Damn, this forum went to shit!


----------



## JeffForSale (Jun 12, 2003)

kaptainkrollio said:


> and thats why i have another one.  you don't own a 240sx, so leave.


 you didn't have a 240 for awhile when u crashed it into a dog, oh wait no u didn't u were to pussy to. yet u never left... 

kindof hypocritical if u ask me...


----------



## kaptainkrollio (Jul 29, 2003)

but i was planning on getting one, you have no intentions of getting a 240sx. And I asked questions and posted help info(most of the time).

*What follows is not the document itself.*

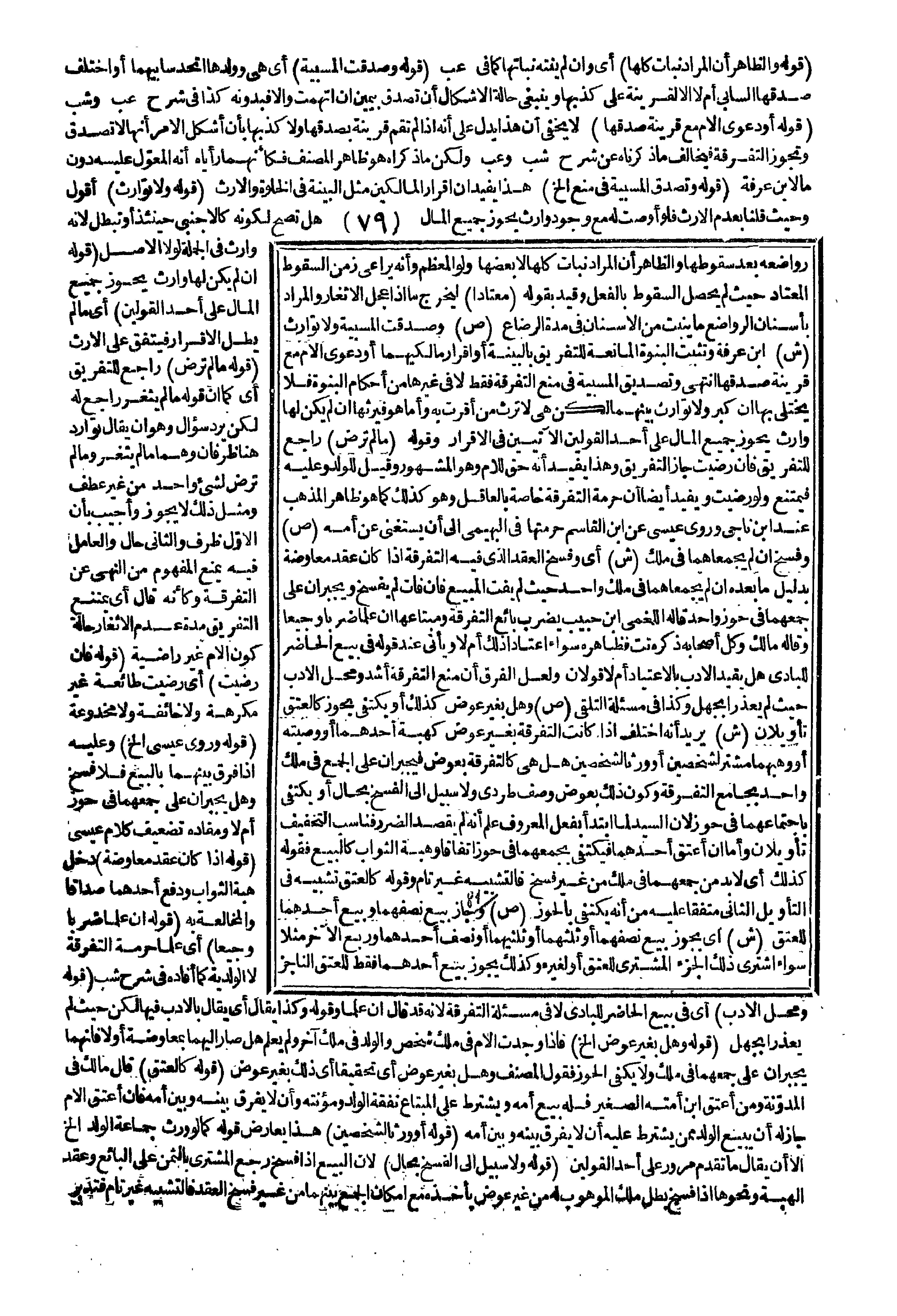 (قَوْلُهُ: إنْ لَمْ يَكُنْ لَهَا وَارِثٌ يَحُوزُ جَمِيعَ الْمَالِ عَلَى أَحَدِ الْقَوْلَيْنِ) أَيْ: مَا لَمْ يَطُلْ الْإِقْرَارُ فَيَتَّفِقُ عَلَى الْإِرْثِ (قَوْلُهُ: مَا لَمْ تَرْضَ) رَاجِعٌ لِلتَّفْرِيقِ أَيْ: كَمَا أَنَّ قَوْلَهُ مَا لَمْ يُثْغِرْ رَاجِعٌ لَهُ لَكِنْ يَرِدُ سُؤَالٌ وَهُوَ أَنْ يُقَالَ تَوَارَدَ هُنَا ظَرْفَانِ وَهُمَا مَا لَمْ يَثْغَرْ وَمَا لَمْ تَرْضَ لِشَيْءٍ وَاحِدٍ مِنْ غَيْرِ عَطْفٍ وَمِثْلُ ذَلِكَ لَا يَجُوزُ وَأُجِيبَ بِأَنَّ الْأَوَّلَ ظَرْفٌ وَالثَّانِيَ حَالٌ وَالْعَامِلُ فِيهِ يَمْنَعُ الْمَفْهُومُ مِنْ النَّهْيِ عَنْ التَّفْرِقَةِ وَكَأَنَّهُ قَالَ أَيْ: يَمْتَنِعُ التَّفْرِيقُ مُدَّةَ عَدَمِ الْإِثْغَارِ حَالَةَ كَوْنِ الْأُمِّ غَيْرَ رَاضِيَةٍ.

I never see you post anything but shit.


----------



## 200sxOwner (Jul 1, 2004)

so two ppl in here who dont have 240sx?


----------



## drift240sxdragqueen (Oct 23, 2002)

well jeff owns a 240.... in a way. i'll let him tell u guys about it.


----------



## Loki (Jan 12, 2004)

Dev/Null said:


> I'm a post whore ...



holy shit your a post slut!!!!!!! damm 9 post!!!!!!! your the G!!! :dumbass:


----------



## Neji (Jun 6, 2004)

93blackSER said:


> that also isnt true ass.


More proof of KA24E pistons in KA24DE morots...

stop making me prove you wrong, ass. I'm not the one trying to start a fight... 

I was stating info and you call me a noob for this...


----------



## 200sxOwner (Jul 1, 2004)

damn blackser of new york, you just got punked. what you gonna do now?


----------